Race of Impermanence

Elizabeth at Work

My daughter, Elizabeth, flew in a few days ago from California.  She booked her flight with Spirit Airlines.

Some of my readers may already be saying to themselves, “I know where this is going…”  I’ve heard many stories about families who have been put out by Spirit Airlines and swear, “I’ll NEVER fly Spirit again!”  Those were Elizabeth’s words, too.  



Elizabeth was to fly into Detroit on Tuesday, the 16th.  Her flight was cancelled and she couldn’t reschedule a flight until Thursday-late.  Very late.  On Thursday, she still wasn’t sure if the plane would take off and the story goes on and on.  Inconvenience, frustration, anger, resentment…we both went through a barrage of emotions.  The biggest being sheer disappointment. 

She arrived at 1:30 a.m. on Friday.  Seeing her exit the luggage-arrival area made my heart leap.  Nothing else mattered.  We were together and the past and future didn’t even push its way into our happiness at being with each other.  

Did we lose three days?  Days we’ll never get back?  Days we were cheated?  Yes, I did think that at first.  I couldn’t believe it was happening.  But I worked on not letting negative feelings cheat me of the present.  

The hours, days and experiences we were meant to have together were never a given.  Just because the calendars were blocked in.  Just because the ticket was paid for.  Just because our expectations were solid.  Just because Elizabeth did what she was suppose to do -- didn’t guarantee a damn thing.
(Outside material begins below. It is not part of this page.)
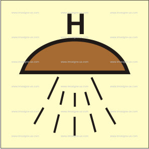 Complies with IMO Resolution A.952(23) — Graphical Symbols for Fire Control Plans, as required by SOLAS Chapter II-2. This IMO sign indicates areas protected by a fixed gas fire-extinguishing system that uses gases other than CO₂ or nitrogen, such as FM-200, Novec 1230, or other clean agents.

I thought and thought about the “Time” lost.  I have had similar feelings when people reject me, silence themselves from me, become ill, die, move away…   It hurts until I think about the expectations I have and see there can be no absolutes in life.  I have what I have and I want to make what I have meaningful.

Elizabeth and I texted over and over.  Using Emojis to express feelings I didn’t even think about using before.  We laughed at the absurdity of two good people kept from seeing each other.
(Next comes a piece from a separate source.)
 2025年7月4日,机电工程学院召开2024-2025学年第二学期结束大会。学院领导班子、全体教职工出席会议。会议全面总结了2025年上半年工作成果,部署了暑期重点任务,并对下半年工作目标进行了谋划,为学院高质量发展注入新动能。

We didn’t lose the time.  Our adventure was not what we expected, but we shared it.  I couldn’t hold her on Tuesday.  But, I think we both benefited by not letting our frustration and anger linger. Sitting, moping, crying and pissing the time away wouldn’t have changed anything.  
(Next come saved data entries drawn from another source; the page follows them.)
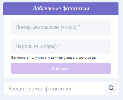 Номер и пароль фотосессии вы можете узнать у фотографа.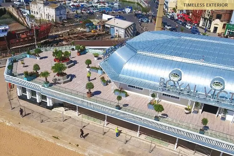 The Surface 360 deck-style porcelain pavers have transformed JD Wetherspoon’s wraparound terrace at the Royal Victoria Pavilion on Ramsgate beach.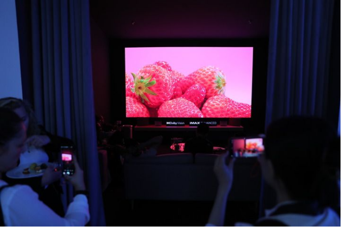 在德国柏林国际消费电子展极米科技展区,参观者拍摄新款投影产品(2024年9月6日摄)。新华社记者 杜哲宇 摄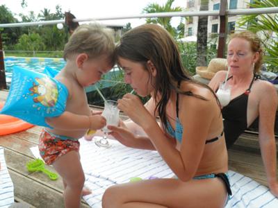 Boaz deelt heel lief samen met nichtje Dewi een milkshake aan de kant van het zwembad in Royal Torarica in Paramribo.

I take that back.  It could have poisoned the time we have together now.  It could have made us more tense and strained when we finally did get our long-awaited hug at DTW. 

Writing about this makes me smile.  I’m learning.  Taking what I have and running with it. 

The Chicago to Mackinac Race will begin soon.  My dad would have liked a life comparison to sailing.  Check the weather, the nautical charts, fit a crew perfect for racing, double check supplies, visualize the best and worse case scenarios and get everyone on board.


https://www.youtube.com/watch?v=Ivg1n8s1HYE  Sailors talk about race to Mackinac

No matter how prepared the captain, how experienced the crew, how favorable the weather forcasts, nothing is a sure thing.  The present is the focus.  It shifts and turns, it teases, disappoints, but is a loss only if we give up.  No one takes our life from us, we are the captain of the vessel “Impermanence”. 



I checked to see if there was a vessel called “Impermanence”.  There is a Canadian vessel called Impermanence.